Обмякший Бурмистров с отвисшей губой и вспотевшим лицом по-прежнему смотрел на Олин рот.
— Вам что, плохо? — прищурился официант.
— Да нет, все нормально, — ответил за него Володя. — Вы… посчитайте нам.
— Четыре двадцать, — сразу сказал официант.
Володя протянул пятерку и стал вставать. Сразу встали Оля и Витка. Бурмистров сгорбленно сидел, шевеля мокрыми губами.
— Дайте пройти, — сказал Володя.
Бурмистров встал, шагнул в проход. Официант протянул Володе сдачу, но тот отрицательно мотнул головой и, взяв Олю за руку, повел к выходу. Витка заспешила следом, усмехаясь и виляя худыми бедрами.
Бурмистров стоял, ссутулясь и глядя в пол.
— Вам прилечь надо, — коснулся его взмокшей спины официант, окончательно для себя решивший, что у Бурмистрова просто очередная фаза длительного отпускного запоя.
— А? — поднял на него глаза Бурмистров.
— Отдохните, говорю. А вечерком опохмелитесь, — шепнул ему официант.
Бурмистров повернулся и пошел.
В купе Оля забралась наверх, а Витка и Володя внизу обсуждали сумасшедшего Бурмистрова. Четвертый сосед по купе — полный словоохотливый бухгалтер из Подольска — громко спал на нижней полке, приняв пару стаканов «Перцовой» и закусив мелитопольской колбасой.
— Я даже пиво не допил! — Володя достал колоду с картами. — Какая там «Таганка»! Тут просто фильмы ужасов, Хичкок! В умат полный!
— Оль, я боялась, что ты подавишься! — Витка возбужденно терла перед собой узкими ладонями. — Ну, чуваки, ну это я не знаю что! У меня Марик три месяца в дурдоме пролежал, много чего порассказывал, но — такое!
— Оль, а деньги точно у тебя? — засмеялся Володя. — Может, нам это все померещилось? Пиздец какой!
— Мне кто-то обещал не материться больше. — Оля смотрела на хромированную ручку в сером потолке купе.
— Чуваки, а давайте вечерком перед Москвой по второму заходу в ресторацию? — предложила Витка.
— И опять он к нам подсядет! — затрещал колодой Володя.
— С вечерним тарифом!

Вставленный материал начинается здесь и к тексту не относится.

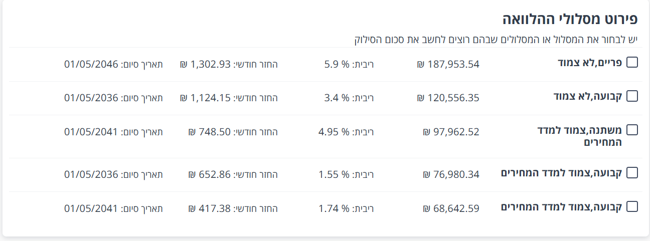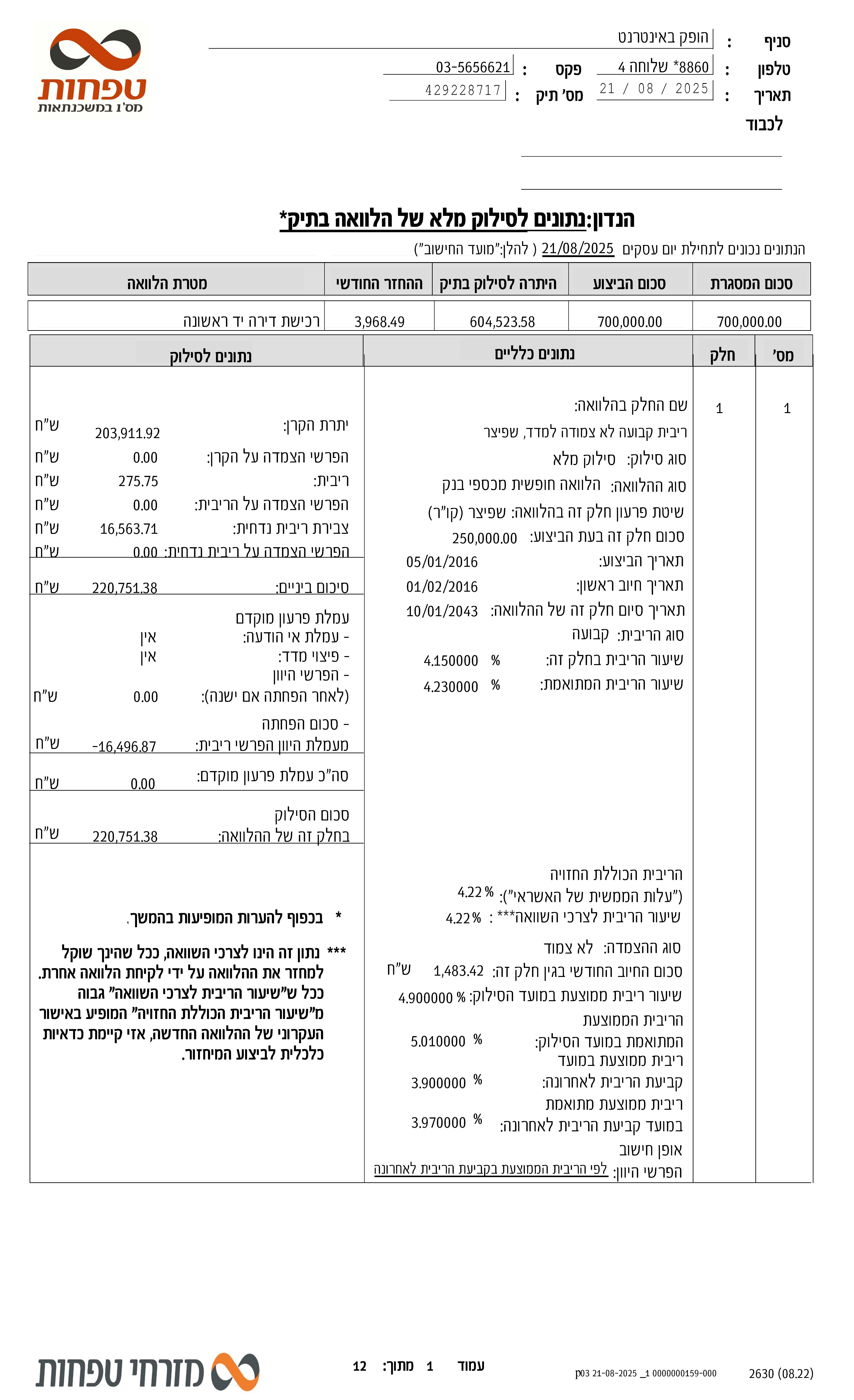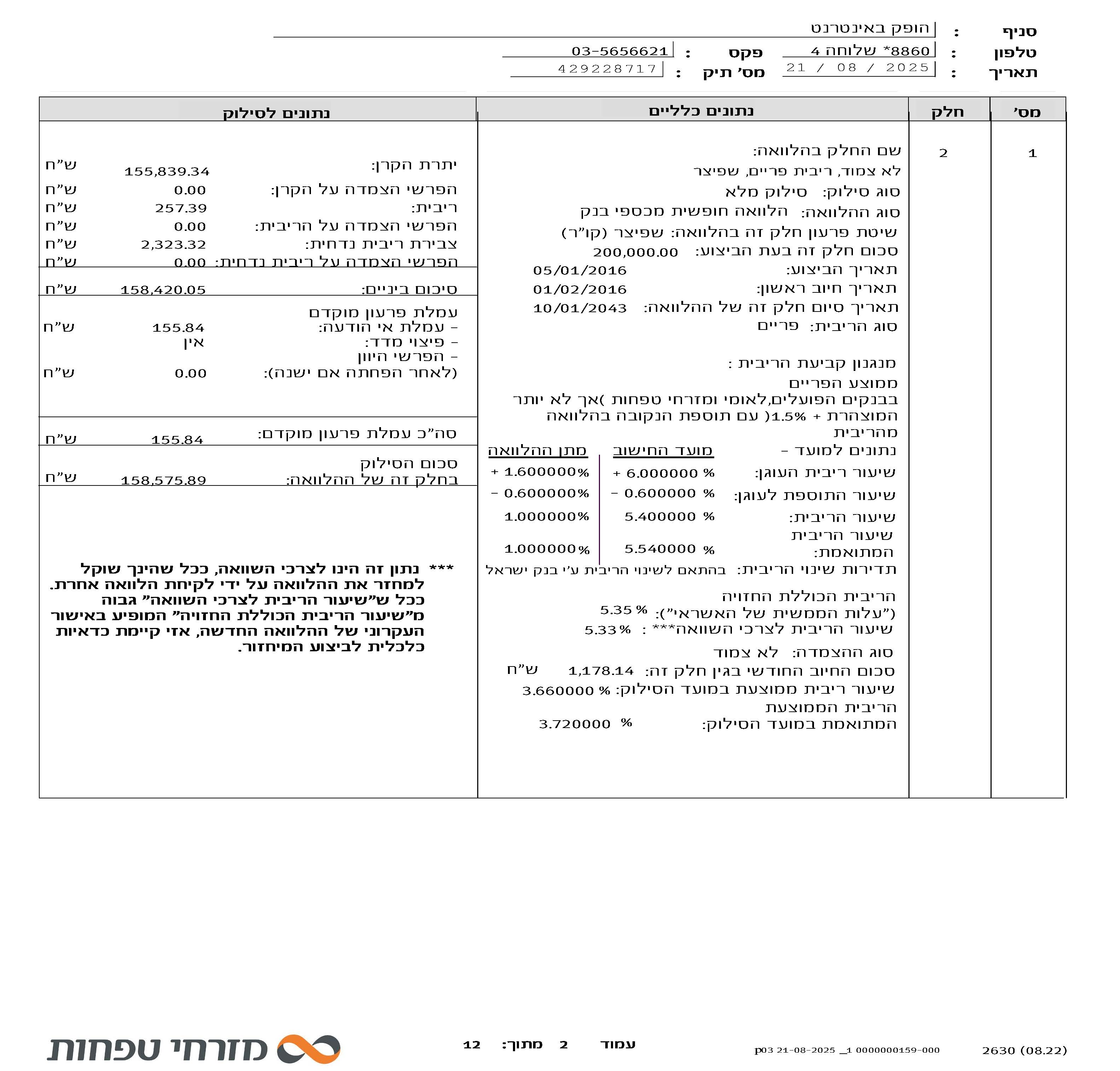 משתנה כל חמש שנים (על בסיס אג"ח ממשלתי), לא צמוד (החזר 1200 בחודש)212,000.00 ₪‪2.52%

Полтинник, за поглядку, а?! Ольк, я тебе свою помаду одолжу!
Витка и Володя захохотали так, что бухгалтер перестал храпеть и забормотал во сне.
Оля смотрела в потолок, водя рукой по желтой рифленой поверхности стены.
«Много больных… — подумала она и зевнула, вспомнив, как с Таней Баташовой случился эпилептический припадок на экзамене по гармонии. — Хорошо, что меня не вырвало. Уши у него какие-то… как у мальчишки. Идиот».
Она закрыла глаза и задремала.
Ей приснилось, что она в Кратово, едет на велосипеде брата со скрипкой в футляре за спиной на улицу Чехова к старикам Фатьяновым, разводящим тюльпаны, где дирекция Гнесинского училища организовала Тайное Выпускное Прослушивание, на котором будет Павел Коган; она сворачивает на улицу Маршала Жукова и видит, что во всю длину и ширину улицы пролегает глубочайшая траншея, а на весу по улице проложен монорельс; он сверкает на солнце; «Как же проеду? Я опоздаю!» — с ужасом думает она; внизу в траншее копошится очередь за квасом; «Девушка, тебе надо шины снять!» — советуют снизу. «Как я сниму? У меня нет инструментов!» — холодеет она. «А ты монтера попроси!». Оля подымает голову и смотрит вверх; там, на соснах живут монтеры со стальными когтями на ногах; монтер спускается к ней с сосны. «У нас у всех по два топора!» — говорит он и достает два огромных топора; топоры сверкают на солнце; монтер, крякая, ловко срубает шины с колес велосипеда. «Спасибо!» — радуется она. «Плати!» — загораживает монорельс монтер. «Чем же я заплачу?» — «Жареным мясом! У тебя же мясные галифе! Все лето небось растила!» Оля смотрит на свои ноги в шортах: на бедрах у нее ужасные наросты из жареного мяса. «Стой нормально!» — приказывает монтер и двумя ударами стесывает мясные галифе. «Я из них солонину сделаю! Поезжай, не задерживай, я стрелку перевел!» — кричит монтер ей в лицо; Оля ставит обод переднего колеса на монорельс, отталкивается ногой от земли, едет над бездонной траншеей.
Рывок.
Лязг.
Рывок.
Оля проснулась, вытерла ладонью мокрый рот.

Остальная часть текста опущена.